Anyway - that absence points to how Miller should have made this movie: with Central City as the main character and the Spirit operating in the background. Hey - he could even have split the movie up into three separate stories - maybe even stories from Will Eisner's comics - with some recurring characters to give us a sense of a living city.

For me, it isn't a question of whether or not Miller should have been more faithful to the original comics. However, completely ignoring what made the original comics interesting and sucessful - or rather, giving it lip service but not following through - seems like a bad idea.

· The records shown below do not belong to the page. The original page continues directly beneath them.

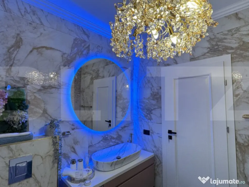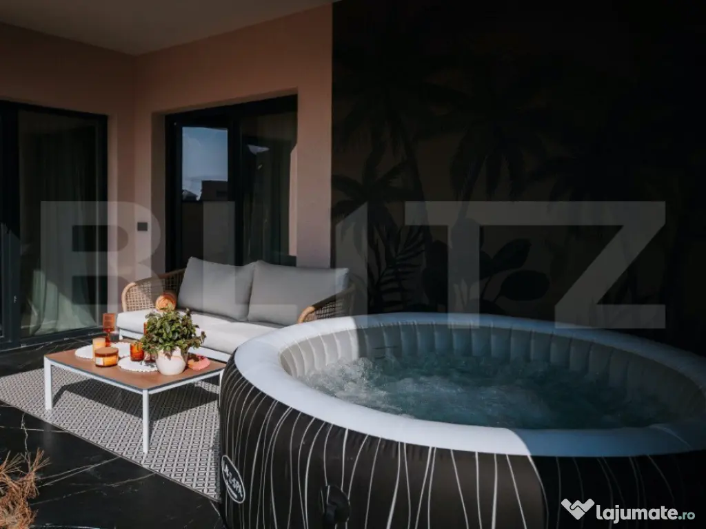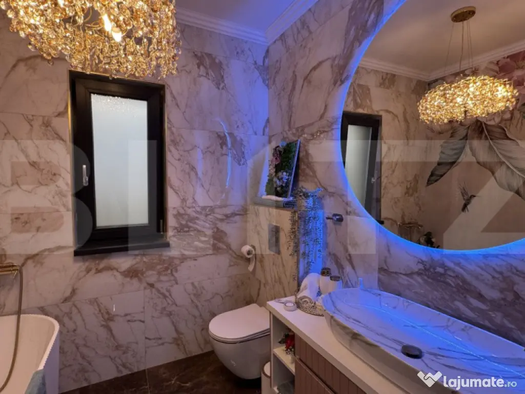 BLITZ propune spre vânzare o frumoasă casă pe parter în stil mediteranean, cu 84 mp utili, pe un teren de 400 mp, în zona Magnolia. Casa se vinde complet mobilată, utilată și ultrafinisată, pentru amenajarea ei s-au folosit serviciile specializate ale unui designer interior. Toate piesele de mobilier, electrocasnicele, elementele de decor interior au fost atent alese folosindu-se doar materiale de calitate. Compartimentarea complet decomandată începe cu hol la intrare din care se intră într-un open space generos care are bucătăria pe stânga și celelalte două dormitoare pe dreapta și baia. Dormitorul matrimonial are dressing propriu și baie separată. Din zona de living se accesează și terasa acaoperită din spatele casei, unde regăsim o zonă de relaxare frumos amenajată care include și un jacuzzi. Curtea este parțial pavată, restul terenului este pregătit pentru gazon sau alte plante decorative, sunt și două locuri de parcare pentru mașini, alte două mai putând fii lăsate la poartă. Propietatea beneficiază de toate utilitățile, încălzirea se realizează prin pardoseală, iar accesul la casă este foarte ușor, se merge doar pe drumuri asfaltate. Cod ofertă / ID BLITZ: P137708 Id intern: P137708 Număr Băi: 2 Curent Apă Canalizare Gaz Climă
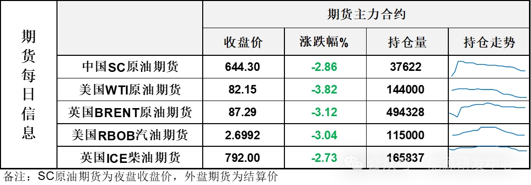 【1】WTI主力原油期貨收跌3.26美元,跌幅3.82%,報(bào)82.15美元/桶;布倫特主力原油期貨收跌2.81美元,跌幅3.12%,報(bào)87.29美元/桶;INE原油期貨收跌2.86%,報(bào)644.3元。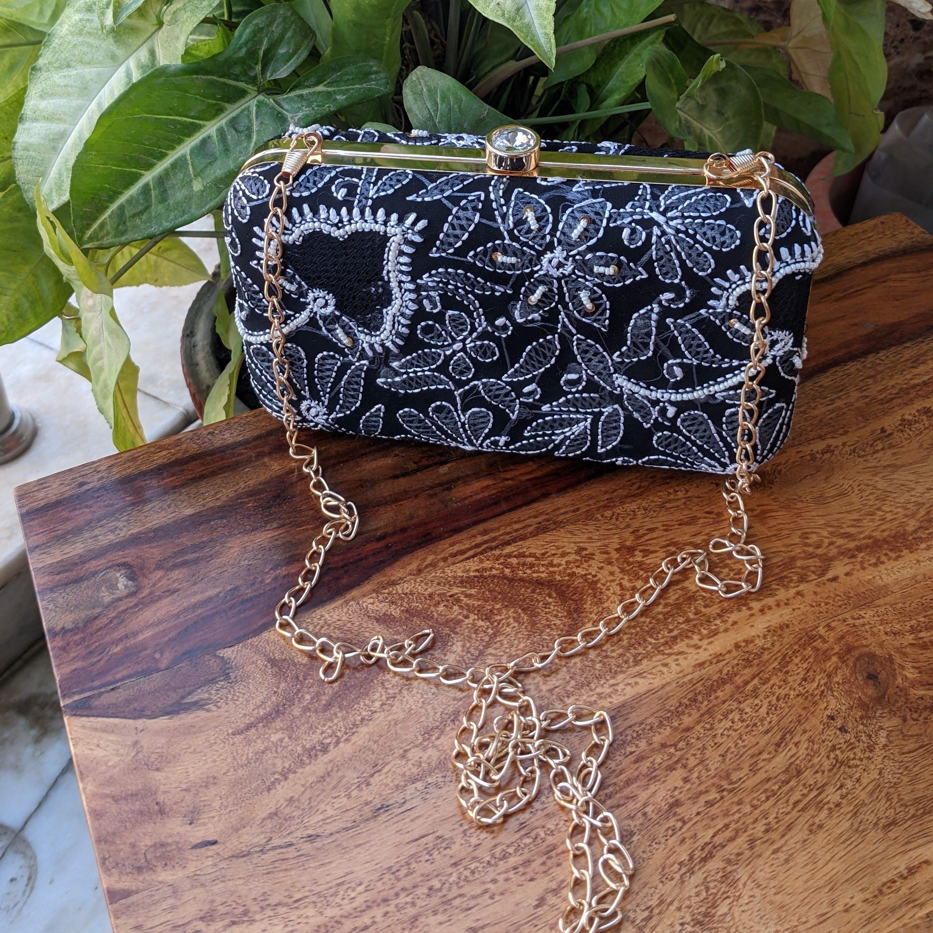 Make a refined style statement with this stunning handcrafted clutch, designed in rich black georgette and adorned with elegant Chikankari embroidery. The intricate white threadwork is beautifully complemented by delicate pearl highlights, creating a timeless, eye-catching contrast. Perfectly blending traditional craftsmanship with modern elegance, the floral and paisley motifs lend this clutch an air of sophistication. The clutch features a sleek metal frame closure topped with a crystal knob and includes a gold-toned metal chain strap for versatile styling—carry it as a sling or a chic handheld accessory. Lightweight and compact, it's ideal for storing your phone, cards, keys, and a few makeup essentials. Whether you're styling it with a saree, anarkali, or a contemporary Indo-western look, this clutch adds a graceful touch to any outfit. Ideal for weddings, festive events, or evening gatherings, it’s the perfect accessory for anyone who appreciates fine detailing and effortless charm.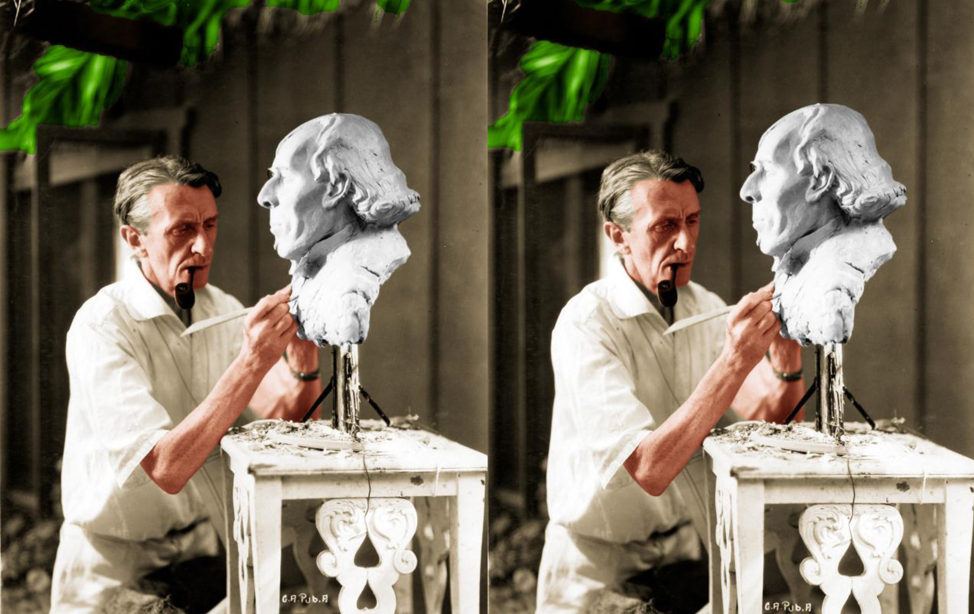 I find that smaller size photos work better than larger ones. Also, experiment with moving the images closer or further away from your eyes. A distance between 10 and 12 inches or so usually works but you’ll just have to use trial and error. Once you’ve experienced the 3D effect you will know what to look for and subsequent free viewing will be easy. Here is Ivan Simpson again without his makeup for DISRAELI, but practicing his skill as a sculptor by immortalizing Mr. A as Mr. Disraeli:

This happens to tie into my Comic Book Pet Theory #2 (#1 is the thing where I say that Watchmen is all about gravity and that Dave Gibbons doesn't get enough credit for it): apart from a few early homages to The Spirit in Daredevil, Frank Miller's work bears no relationship to anything Will Eisner has ever done. Miller keeps trying to pass himself off as an "Eisner acolyte", but they are completely different artists. Eisner is interested in the city - in its geography and in the way that geography shapes the lives of its denizens. It's the line that runs through his work from The Spirit to the graphic novels. His heirs are Ben Katchor and Chris Ware. Miller is an action/adventure cartoonist working with outsized figure-drawing and Steranko-inspired page layouts. Though I don't think he's ever said this, he's a follower of Kirby, and, to the extent that you can talk about his innovations, the main one is that he either (a) puts exaggerated Kirby-style super-hero figures into non-super hero genres (Sin City, 300) or (b) brings various noir elements to bear on super-hero comics (The Dark Knight Returns, Batman: Year One). (I think his best super-hero work is The Dark Knight Strikes Again partly because he's dealing with super-hero comics on their own terms, even if he seems to find those terms somewhat retarded).

It's (unfortunately) not surprising then, that a cartoonist whose work centers on figure-drawing would make a movie that is so (detrimentally) "figure"-centric (and I don't say actor-centric because none of the people on screen are creating characters or playing objectives or doing any of the other things we like to see actors do). That's partly why Central City is such a non-entity: Miller is only interested in it as a backdrop for highly-stylized images of movie stars and would-be movie stars. The problem, as Michael Barrier would point out, is that, the drawn figure tends to be much more expressive and much more congenial to exaggerated expression than bodies on film. So Miller is trying to do something he knows, but he's working in a medium where it's very hard to do that kind of thing and he's not using the right kinds of tools.

I'd still argue that what he's trying to do, doesn't really make a good fit with the material, although that becomes a side point as Miller doesn't even do what he seems to be trying to do all that well.